JR had a club called "the royal order of the night people." Lots of kids called, including this guy, Ron Barron. I met Ron in college at Penn State’s Ogontz campus. Ron was even heavier into audio recording than I was, but I didn’t make the connection that he was a JR fan until twelve years later, when I started listening to my tape collection (in the late-eighties).
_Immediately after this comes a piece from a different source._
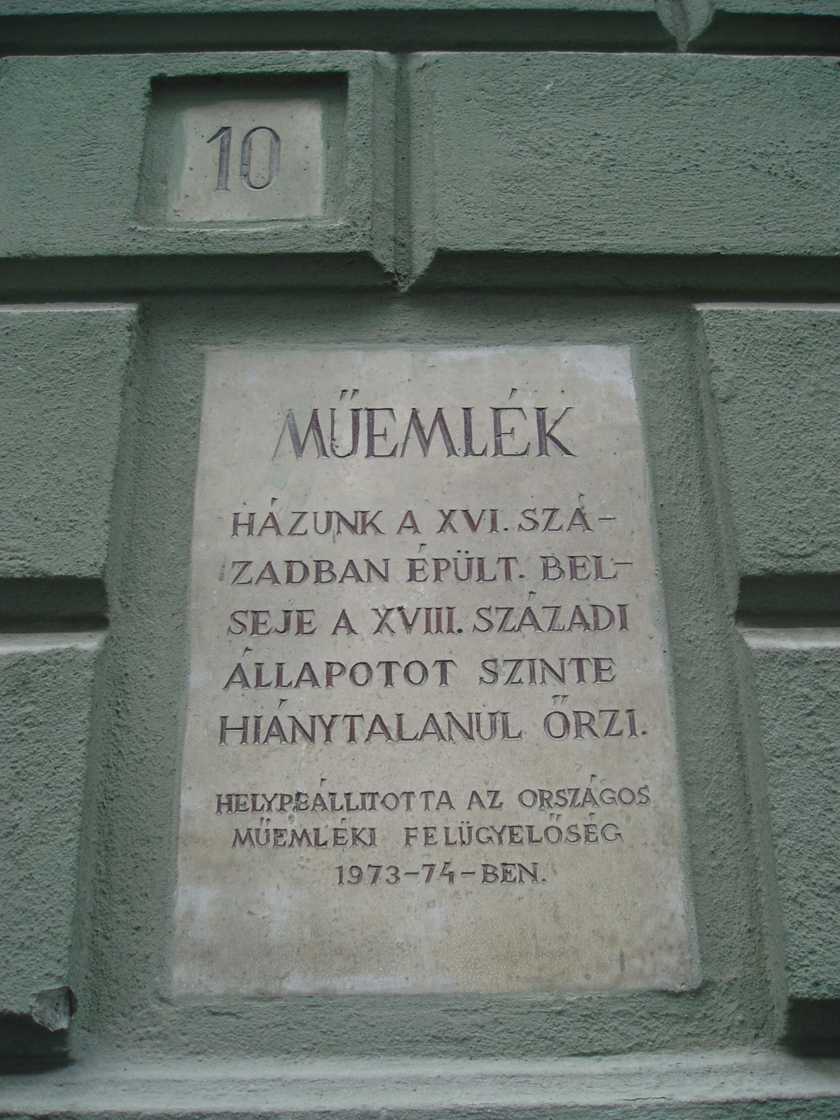 Nyilvános 880 | 1255 | Sopron, Szent György utca 10. | Az egyemeletes barokk lakóház a XVI. században épült. A XIX. század második felében erősen átalakított homlokzata a XVIII. századból származik. Az épület belseje csaknem hiánytalanul őrzi XVIII. századi állapotát. Emeleti, boltozott utcai szobáiban virágdíszes festés látható. A kép 2008 júniusában készült. Felh. irod.: Czellár Katalin: Sopron. 3. jav. kiad. Bp. Panoráma, 2000 |

In the early nineties I became a public radio listener and eventually, a member. One show, Fresh Air, originated from WHYY in Philly. It was at the end of the program, during the credits, that I heard the name, "Ron Barron." I called and it was him! The guy from college. I told him I had this radio recording from high school. I still haven’t sent it…


 
Hi Eddie,

This is Jerry Wesner.  I was tooling around on the web and came across your website.  I really enjoyed reading about your career.  Your life so far has been quite interesting and very adventuresome. 

The trip down memory lane that you provided on the Radioretro was great.  I remember that trip to New York City very well.  I recall that you were the "D.J." who provided the entertainment on the bus ride.  I remember the recording booths on the top of the E.S.B. but I can't say I actually remember making that recording, although after listening to it, I have no doubt that it was me on the 
record.(I recall the "Top Wap" business) 

I remember that a few of the girls (can't remember their names) also made a recording up there and Joe Rossi (Bonzo) grabbed it out of one of their hands and tossed it of the 86th floor (between the bars).

Sorry about the Italian ethnic slurs and all that other nonsense. When I look back on those days I think that I kind of put up a protective shield by developing a "best defense is a good offense" philosophy.  I have a 3 year old son now ( I'm a late starter in that department, most of my friends have kids who are in high school and college) and I  hope that I can use some of my experiences from those days to teach him how to handle peer pressure.

I have kept in touch with a few of the St. Matt's class of '69.  Last weekend I attended the wedding of Joe Corcoran. Mike Beck and Ron Cupich were also there.

I have been living for the last 12 years in Glen Mills, Pa. It is between Media and West Chester if you are familiar with that area.

Anyway, once again, I really enjoyed reading about your travels and experiences.  Maybe we will run into each other at a reunion someday.  Good luck with the business in St. Paul.